#### Assignment
Copy each line below holding "could".

#### Supplied information
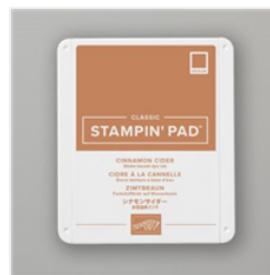
Cinnamon Cider Classic Stampin' Pad - 153114
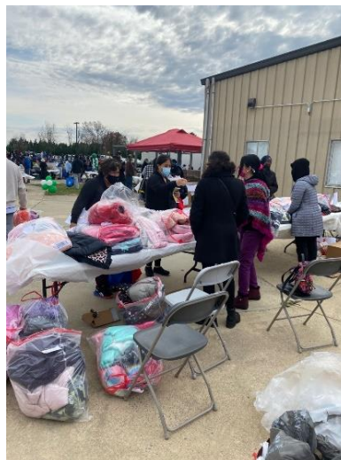
Right: Operation New Jackets 4 Kids

The second activity on the Day of Dignity was in collaboration with the League of Women Voters of Montgomery County (LWV). LWV distributed educational flyers encouraging people to vote. MEAAG distributed approximately 200 face masks and many MEAAG flyers. The partners were grateful to the ICM for the opportunity to interact with the diverse community members. MEAAG looks forward to implementing more projects with ICM and LWV.
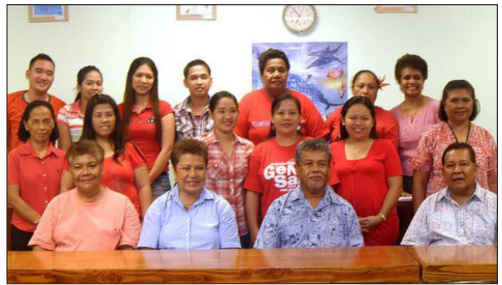
Newly certified caregivers with guests.
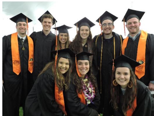
EVEN Graduation - May 2019

Graduation will be postponed by failure to complete these requirements. Any exceptions to these requirements will require approval of the Environmental Engineering Program Director and the Dean's office by petition. In addition, students must be recommended for graduation by the faculty of the EVEN Program and the faculty of the college, and should complete the senior survey.
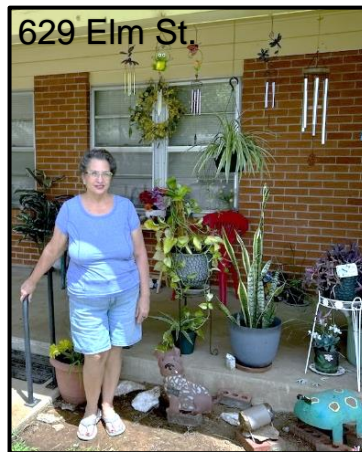
629 Elm St

Yard of the Month Winner – Our judges could not decide on just one favorite, so this time we have TWO winners! Congratulations to 107 Poplar Circle AND 629 Elm Street! You are both Yard of the Month winners!!! Your yards were so nice and neat! Great job!
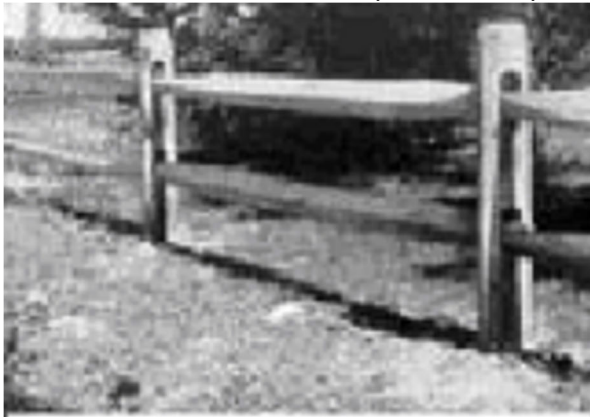
Post and Rail Fence (Split Rail Design)
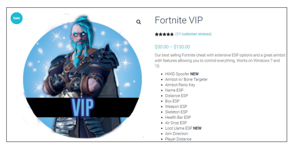
Figure 2: Depending on the game and how customized the cheat is, the price could easily exceed the original cost of the game.

banned accounts were paid accounts, and some had over 1,500 hours of gameplay on them. Moreover, the company estimated that 'the revenue that the three main cheat-makers had been generating was between $15,000 and $50,000 per month each, with users spending $30 per month on hacks.' [9].

#### Response to the exercise
Yard of the Month Winner – Our judges could not decide on just one favorite, so this time we have TWO winners! Congratulations to 107 Poplar Circle AND 629 Elm Street! You are both Yard of the Month winners!!! Your yards were so nice and neat! Great job!
Figure 2: Depending on the game and how customized the cheat is, the price could easily exceed the original cost of the game.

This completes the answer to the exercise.